◆ **Records for this exercise**
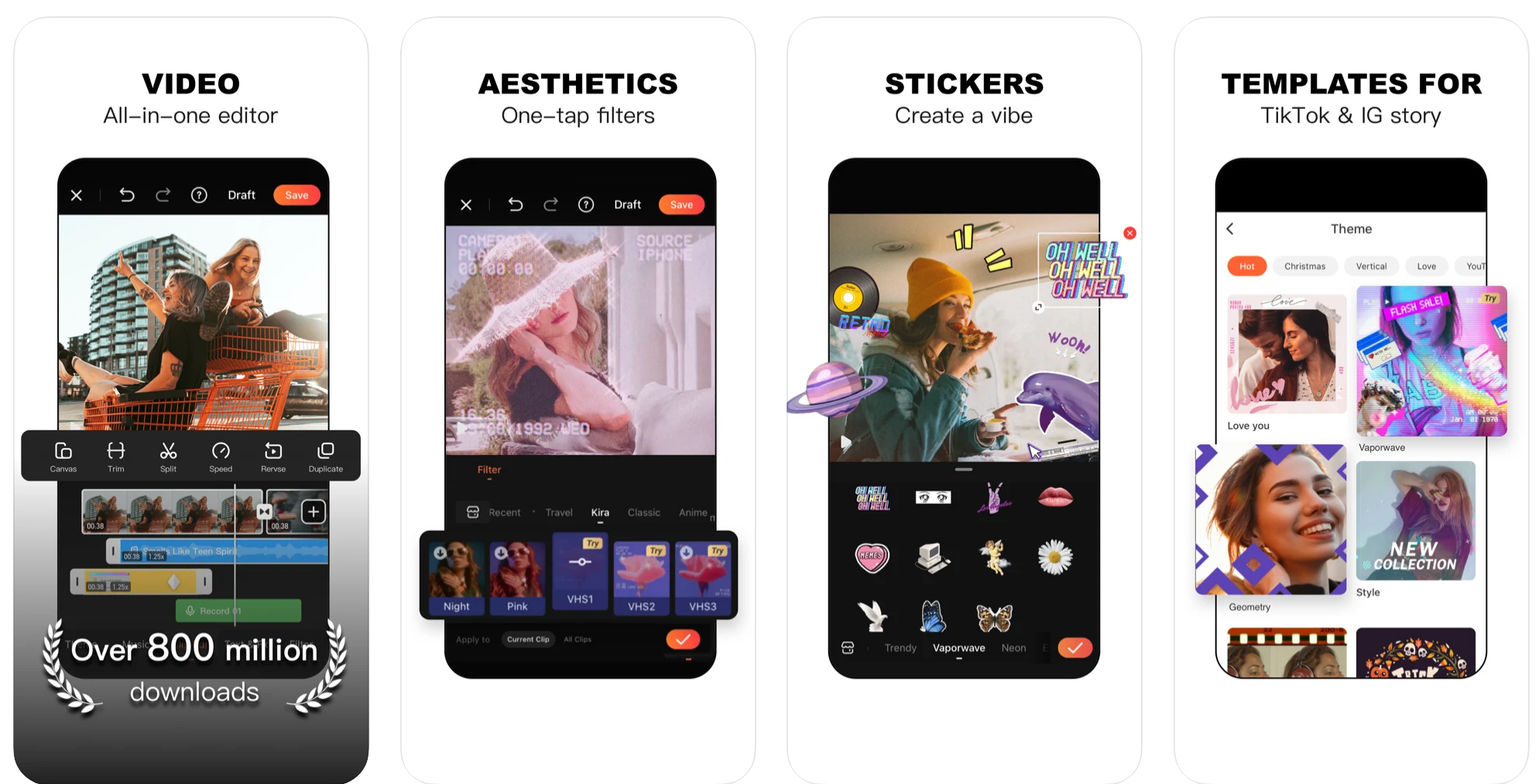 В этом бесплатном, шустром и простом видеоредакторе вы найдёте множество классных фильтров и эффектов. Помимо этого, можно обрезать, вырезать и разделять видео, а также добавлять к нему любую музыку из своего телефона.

==

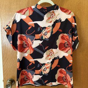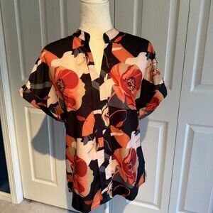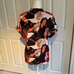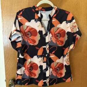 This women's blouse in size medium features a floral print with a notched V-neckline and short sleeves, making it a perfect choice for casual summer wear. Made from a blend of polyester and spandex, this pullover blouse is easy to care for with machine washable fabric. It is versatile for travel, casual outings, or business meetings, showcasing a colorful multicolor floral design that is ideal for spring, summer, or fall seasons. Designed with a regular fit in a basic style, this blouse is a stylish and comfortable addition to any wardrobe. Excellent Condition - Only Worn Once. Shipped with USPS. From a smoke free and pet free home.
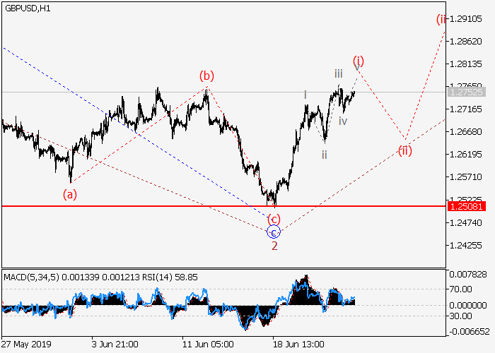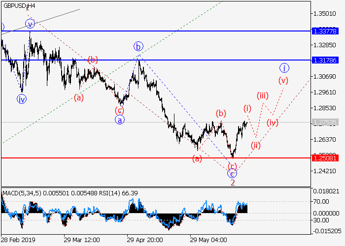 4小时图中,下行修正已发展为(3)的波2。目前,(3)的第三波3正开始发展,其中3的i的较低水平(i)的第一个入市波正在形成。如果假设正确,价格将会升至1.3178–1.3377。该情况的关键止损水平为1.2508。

◆ **What is required**
In the data above, take the line with "This women's blouse", the line with "4小时图中,下行修正已发展为", and every line between, and set them down exactly without pictures.

◆ **Answer area**
 This women's blouse in size medium features a floral print with a notched V-neckline and short sleeves, making it a perfect choice for casual summer wear. Made from a blend of polyester and spandex, this pullover blouse is easy to care for with machine washable fabric. It is versatile for travel, casual outings, or business meetings, showcasing a colorful multicolor floral design that is ideal for spring, summer, or fall seasons. Designed with a regular fit in a basic style, this blouse is a stylish and comfortable addition to any wardrobe. Excellent Condition - Only Worn Once. Shipped with USPS. From a smoke free and pet free home.
 4小时图中,下行修正已发展为(3)的波2。目前,(3)的第三波3正开始发展,其中3的i的较低水平(i)的第一个入市波正在形成。如果假设正确,价格将会升至1.3178–1.3377。该情况的关键止损水平为1.2508。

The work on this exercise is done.